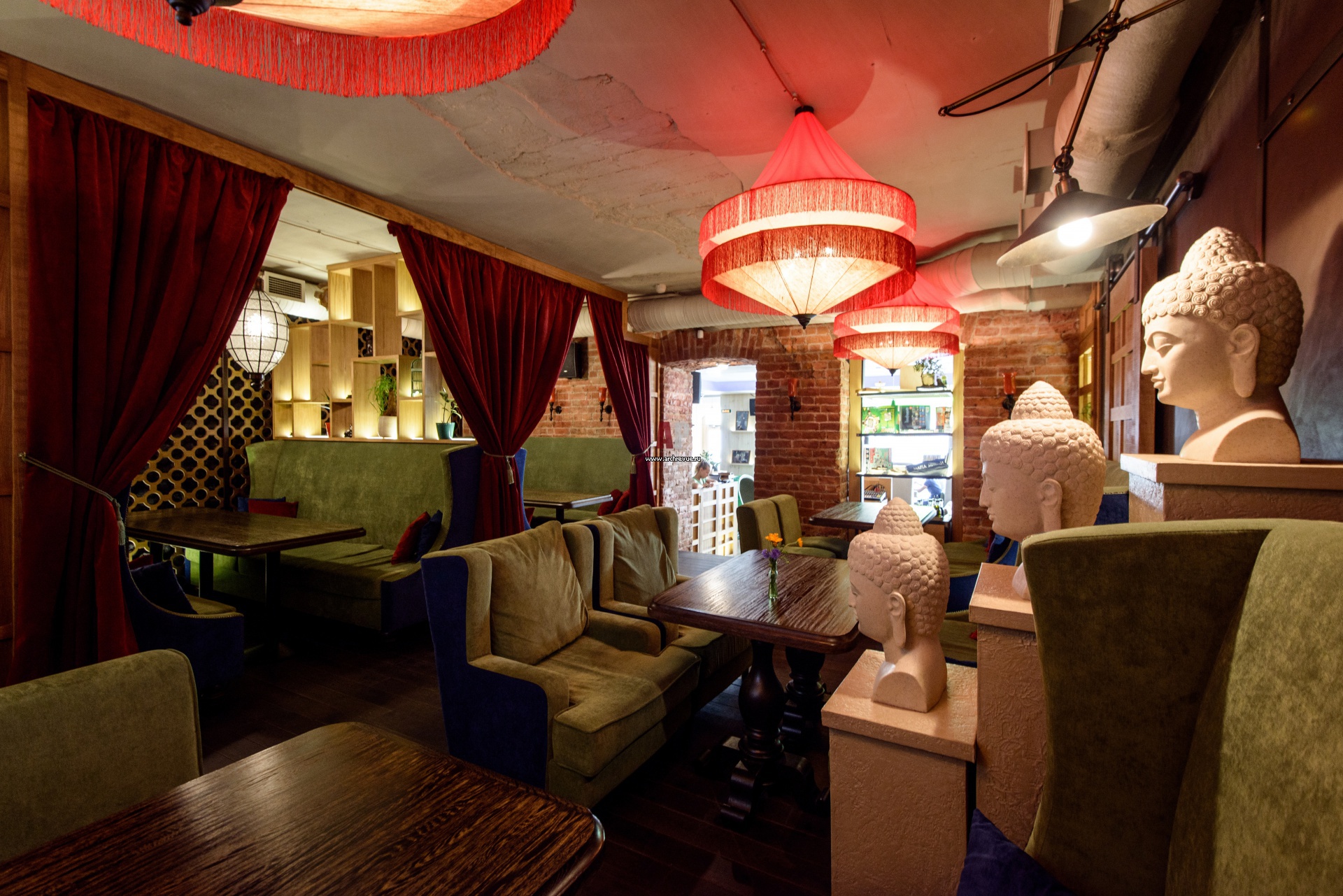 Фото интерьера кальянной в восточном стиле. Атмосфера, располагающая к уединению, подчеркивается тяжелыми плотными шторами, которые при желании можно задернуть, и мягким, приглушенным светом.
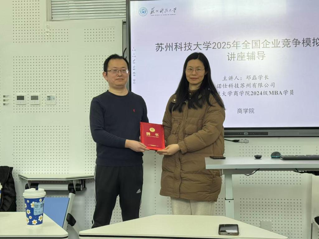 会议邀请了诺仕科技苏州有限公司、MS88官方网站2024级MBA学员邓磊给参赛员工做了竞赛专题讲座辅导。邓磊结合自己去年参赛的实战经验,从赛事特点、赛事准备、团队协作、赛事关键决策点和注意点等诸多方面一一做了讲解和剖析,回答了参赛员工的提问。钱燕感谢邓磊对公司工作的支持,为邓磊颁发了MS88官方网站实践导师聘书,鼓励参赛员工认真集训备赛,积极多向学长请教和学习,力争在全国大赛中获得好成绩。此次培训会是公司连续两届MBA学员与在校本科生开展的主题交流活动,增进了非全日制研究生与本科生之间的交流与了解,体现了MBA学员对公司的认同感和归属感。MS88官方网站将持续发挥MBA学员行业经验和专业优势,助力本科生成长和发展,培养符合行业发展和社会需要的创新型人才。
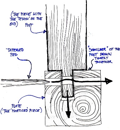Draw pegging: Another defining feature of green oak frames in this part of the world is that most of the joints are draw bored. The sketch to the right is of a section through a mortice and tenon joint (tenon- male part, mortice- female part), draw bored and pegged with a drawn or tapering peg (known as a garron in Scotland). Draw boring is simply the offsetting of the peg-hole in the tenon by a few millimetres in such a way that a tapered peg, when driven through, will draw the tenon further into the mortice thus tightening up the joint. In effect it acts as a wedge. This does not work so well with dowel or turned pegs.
══════
▸ **TASK REQUIREMENTS**: Copy exactly, please, every line from the one holding "会议邀请了诺仕科技苏州有限公" through the last line of the data, both ends included, and no pictures.

▸ **COMPLETED TASK**:
 会议邀请了诺仕科技苏州有限公司、MS88官方网站2024级MBA学员邓磊给参赛员工做了竞赛专题讲座辅导。邓磊结合自己去年参赛的实战经验,从赛事特点、赛事准备、团队协作、赛事关键决策点和注意点等诸多方面一一做了讲解和剖析,回答了参赛员工的提问。钱燕感谢邓磊对公司工作的支持,为邓磊颁发了MS88官方网站实践导师聘书,鼓励参赛员工认真集训备赛,积极多向学长请教和学习,力争在全国大赛中获得好成绩。此次培训会是公司连续两届MBA学员与在校本科生开展的主题交流活动,增进了非全日制研究生与本科生之间的交流与了解,体现了MBA学员对公司的认同感和归属感。MS88官方网站将持续发挥MBA学员行业经验和专业优势,助力本科生成长和发展,培养符合行业发展和社会需要的创新型人才。
Draw pegging: Another defining feature of green oak frames in this part of the world is that most of the joints are draw bored. The sketch to the right is of a section through a mortice and tenon joint (tenon- male part, mortice- female part), draw bored and pegged with a drawn or tapering peg (known as a garron in Scotland). Draw boring is simply the offsetting of the peg-hole in the tenon by a few millimetres in such a way that a tapered peg, when driven through, will draw the tenon further into the mortice thus tightening up the joint. In effect it acts as a wedge. This does not work so well with dowel or turned pegs.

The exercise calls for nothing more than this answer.